Des études montrent également que l’investissement parental est plus élevé pour les fils que pour les filles dans les familles riches alors qu’on n'observe pas cette asymétrie dans les familles pauvres. Cela peut être interprété comme le fait qu’un garçon dominé a peu de chances de transmettre ses gènes alors que pour la fille cela ne change rien (dans l’environnement ancestral !)

Le chagrin que l’on éprouve à la mort d’un enfant, lui aussi, varie très exactement avec son potentiel de transmission génétique dans l’environnement ancestral. Il est maximal à l’adolescence. Les rationalisations associées avec ce genre de douleurs (il avait la vie devant lui, ce n’était qu’un bébé...) semblent aller avec ce fait alors que les parents pourraient ne pas avoir conscience de la vraie « cause », ou "cause ultime" (voir écologie comportementale) de leur chagrin.

Amis

Mais la faculté de se lier d’amitié même à l’extérieur du groupe familial (gènes communs) est bien présente chez les hommes et d’autres animaux. De même les « valeurs morales » existent chez tous les êtres humains, seul leur contenu étant acquis.

En 1966, dans Adaptation and natural sélection, George Williams disqualifie la sélection par le groupe pour expliquer l’altruisme exogène (la proximité génétique dans le groupe étant trop faible). Mais il peut en effet s’expliquer par la sélection individuelle.

La quête de la réciprocité est intéressante génétiquement : compassion et gratitude sont innés et inconscients, et ils favorisent l’altruisme réciproque.

La théorie des jeux voit l’altruisme réciproque comme un « dilemme du prisonnier » à l’envers, c'est-à-dire un jeu à somme non nulle où deux protagonistes peuvent être gagnants en même temps. La stratégie "donnant-donnant" montre en simulation informatique qu’elle est la plus efficace dans un contexte compétitif. De plus, elle est stable, c'est-à-dire qu’elle profite de sa propre prolifération.

Le problème est plutôt au départ (un "donnant-donnant" seul au milieu d’une bande de méchants n’a aucune chance car il commence toujours par être gentil). L’altruisme réciproque a certainement été lancé dans de petits groupes parentaux où l’altruisme parental servait de réciproque aux jeunes tit for tat. Le fait que l’altruisme réciproque soit présent chez de nombreux animaux et qu’il permette d’expliquer de nombreux sentiments humains (amitié, sens de la justice et de l’injustice, rancune, gratitude, ...) plaide pour sa prédominance devant les explications des sciences sociales des sentiments humains.

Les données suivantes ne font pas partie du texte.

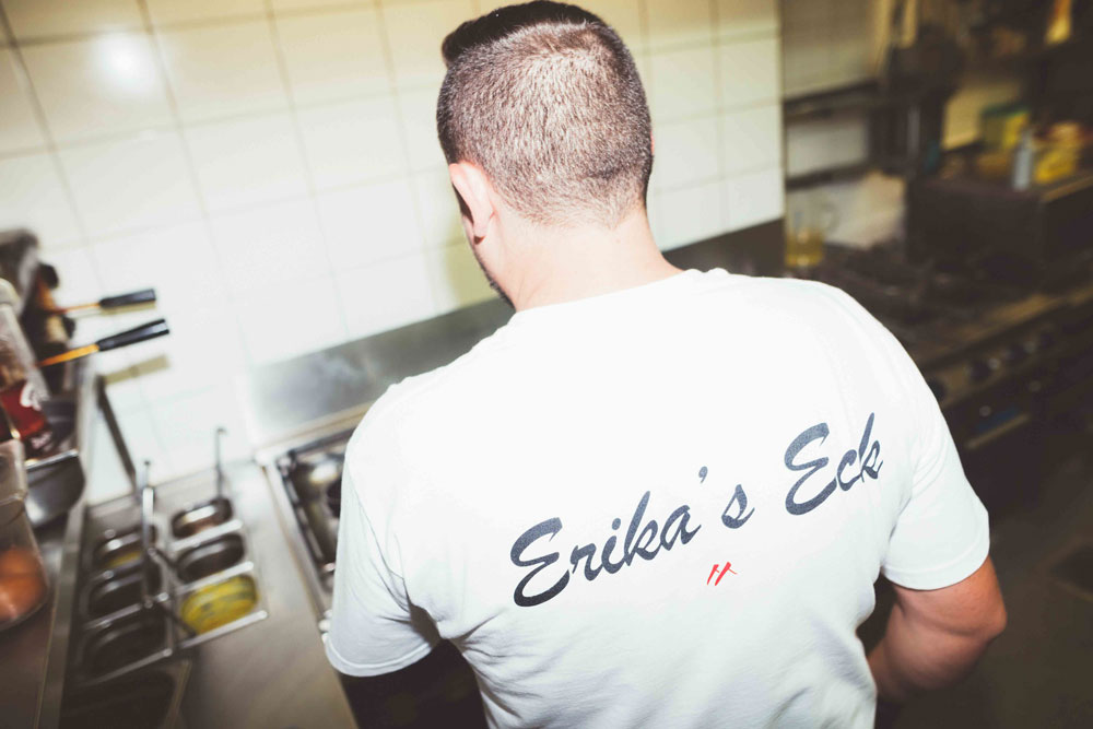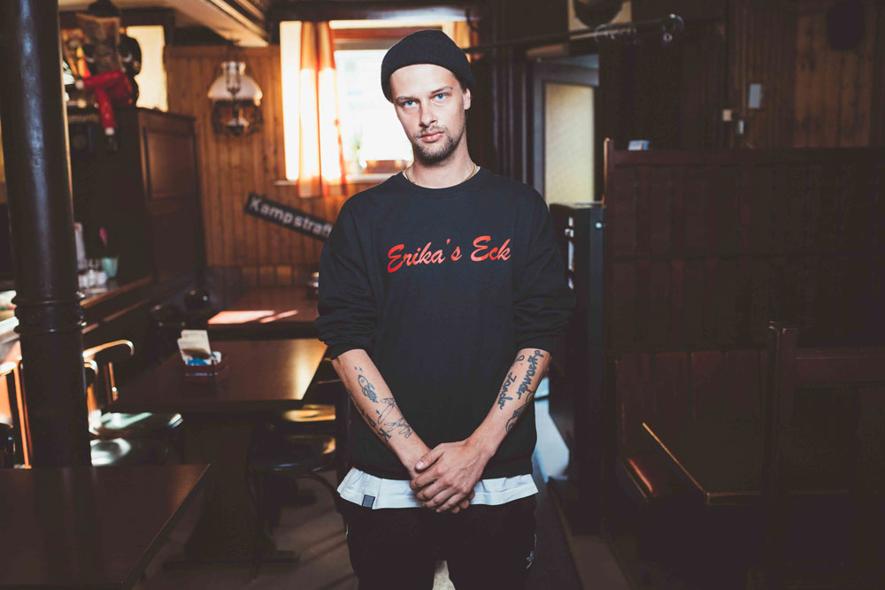 Die Idee kam uns bei einem Feierabendbierchen auf der Bank vorm Mojo Store – Wie schön wäre es bitte ein T-Shirt mit dem Erika ́s Eck Logo zu besitzen. Gesagt, getan. Nach sehr netten Gesprächen mit dem Besitzer des Hamburger Kultladens kam es zu der Kollabo des Jahres – Mojo macht gemeinsame Sache mit Erika ́s Eck. Wer schon mal Hamburg war, kommt an den Mettbrötchen oder die leckeren Schnitzel bei Erika nicht vorbei. Hier trifft sich jung- und alt und Jede/r ist willkommen. Es schmeckt einfach wahnsinnig lecker – Authentisch, rustikal und gut bürgerlich. Mit unserem Nachbar in der Sternschanze machen wir mit Mojo jetzt auf Mode und es gibt die erste und limitierte Mojo x Erika´s Eck Capsule Collection zu kaufen. Unter dem Motto Respect your Neighborhood gibt es jetzt Shirts und Sweater im klassischem Erika-Look. Ob mit Mettbrötchen-Patch oder mit der legendären Speisekarte als Backprint gibt es alle Styles streng limitiert zu kaufen. Die Fotos kommen von Valentin Ammon und das Design vom wunderbaren Designer und Freund des Hauses Christian Huck. Danke an Alle für diese großartige Geschichte – Fortsetzung folgt.

Dans l'altruisme réciproque, plus la situation du bénéficiaire sera désespérée, plus sa reconnaissance sera importante, d’où le fait qu’un mourant de faim suscite plus de pitié (Trivers) La culpabilité en cas de comportement non altruiste augmente quand elle est publique : c’est même cela qui compte dans le groupe pour bénéficier de la réciprocité. Nous passons beaucoup de temps à nous répandre en griefs, et à modifier en conséquence notre attitude à l’égard de l’accusé. L’altruisme réciproque porte en fait mal son nom : c’est l’impression seule qui compte ! Cela explique notre application à polir notre réputation morale.

La conscience morale

La sélection naturelle ne veut pas notre bonheur, elle veut que nous soyons prolifiques. Les psychothérapeutes seront mieux équipés s’ils le savent et s'ils savent ce qu’elle veut. La sélection naturelle use d’un stratagème éhonté en nous dotant d’un organe mental non sensuel, la conscience, qui nous donne l’impression d’être en contact avec des vérités supérieures. Mais pourquoi la conscience morale est-elle si malléable par l’éducation ? La réponse est que la conduite morale à tenir dépend d’un environnement très changeant Ainsi la tendance enfantine spontanée au mensonge (tromperie) est renforcée ou inhibée par les parents. La conscience victorienne est dans une large mesure le reflet d’un environnement restreint et stable, où la tromperie a de graves conséquences. C’est moins le cas dans les grandes villes modernes. Ainsi les pauvres sont les victimes de la société qui façonne une forte tendance à la tromperie qui les rend malhonnêtes.

Bibliographie

  • Robert Wright, (1994), L'animal moral -Psychologie évolutionniste et vie quotidienne, traduction aux éditions Michalon, 1995. Traduit de l'américain par Anne Béraud-Butcher, Éditions Gallimard, Collection : Folio Documents, (ISBN 2-07-042855-9).